Georgina Adam is a journalist, public speaker, art market expert and author.

She has been a Financial Times contributor and art market editor-at-large of The Art Newspaper where she began her career as a journalist in the late 80's. She lectures at the Sotheby's Institute in London. She is a member of the International Association of Art Critics and The International Art Market Studies Association. Adam also serves as the chair of the Art Business Conference. In 2018 she became the chair of the membership committee of Cromwell Place.

Adam's book, Big Bucks: The Explosion of the Art Market in the 21st Century (2014), discusses big art dealers in a frank, unflinching manner. She also explains how the art market works and how art is rated and valued. Adam's second book, Dark Side of the Boom (Lund Humphries, December 2017), scrutinizes the excesses of the 21st-century contemporary art market explosion. The Telegraph called Dark Side of the Boom a "'must read' for anyone with an interest in the relationship between art and money.

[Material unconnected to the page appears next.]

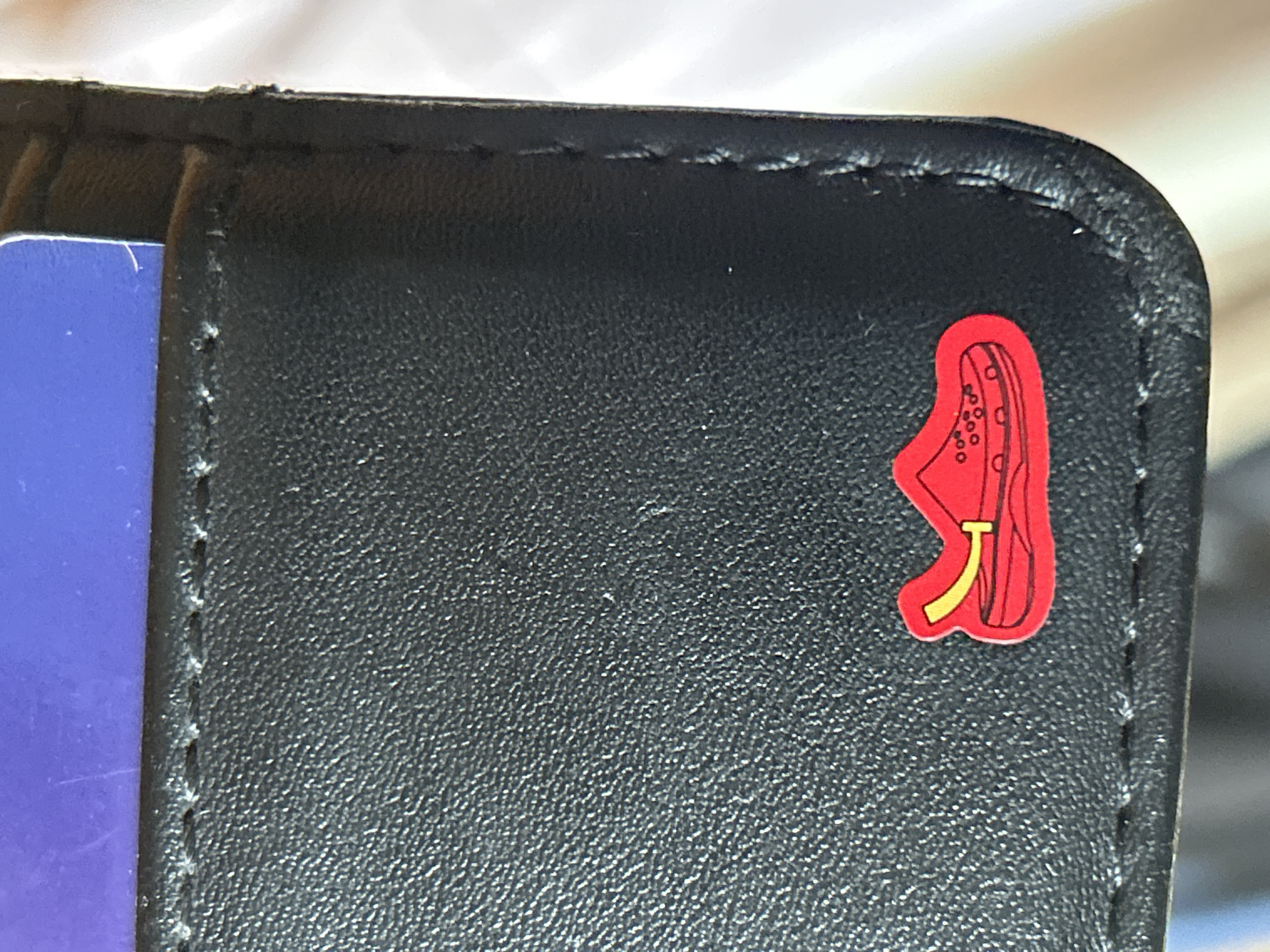 - "A close-up image shows a black leather wallet with a red sticker of a kidney with yellow detail on its surface" by FM-1JHUz1, licensed under CC BY 4.0

It covers buying of art as an investment, the flourishing art storage sector, temptations to forgery and fraud, tax evasion, money laundering, the upheavals in auction houses and the impact of the enhanced use of financial instruments on art transactions. She also looks at whether big money is eroding creativity in art. In the wake of the Panama Papers revelations, she incorporates examples of the way tax havens have been used to stash art transactions – and ownership – away from public scrutiny.

Adam has spoken about a "1–4 per cent rule", which indicates people should not spend more than that amount of their net worth on an individual piece of artwork.

Books
 Big Bucks: The explosion of the art market in the 21st Century (Lund Humphries, 2014)  
 Dark Side of the Boom: The Excesses Of The Art Market In The 21st Century (Paperback – 1 February 2018) 
The Rise and Rise of the Private Art Museum (Lund Humphries, Sotheby's Institute of Art, Hardback, 30 September 2021) ISBN 978-1848223844

See also
The Lost Leonardo, 2021 film in which Adam is interviewed

References

External links
Georgina Adam, Financial Times
Georgina Adam, The Art Newspaper
Georgina Adam, The Art Business Conference
 Being a Collector as a Lifestyle Choice: Interview with Georgina Adam on COBO.

British art critics
Living people
British writers
Year of birth missing (living people)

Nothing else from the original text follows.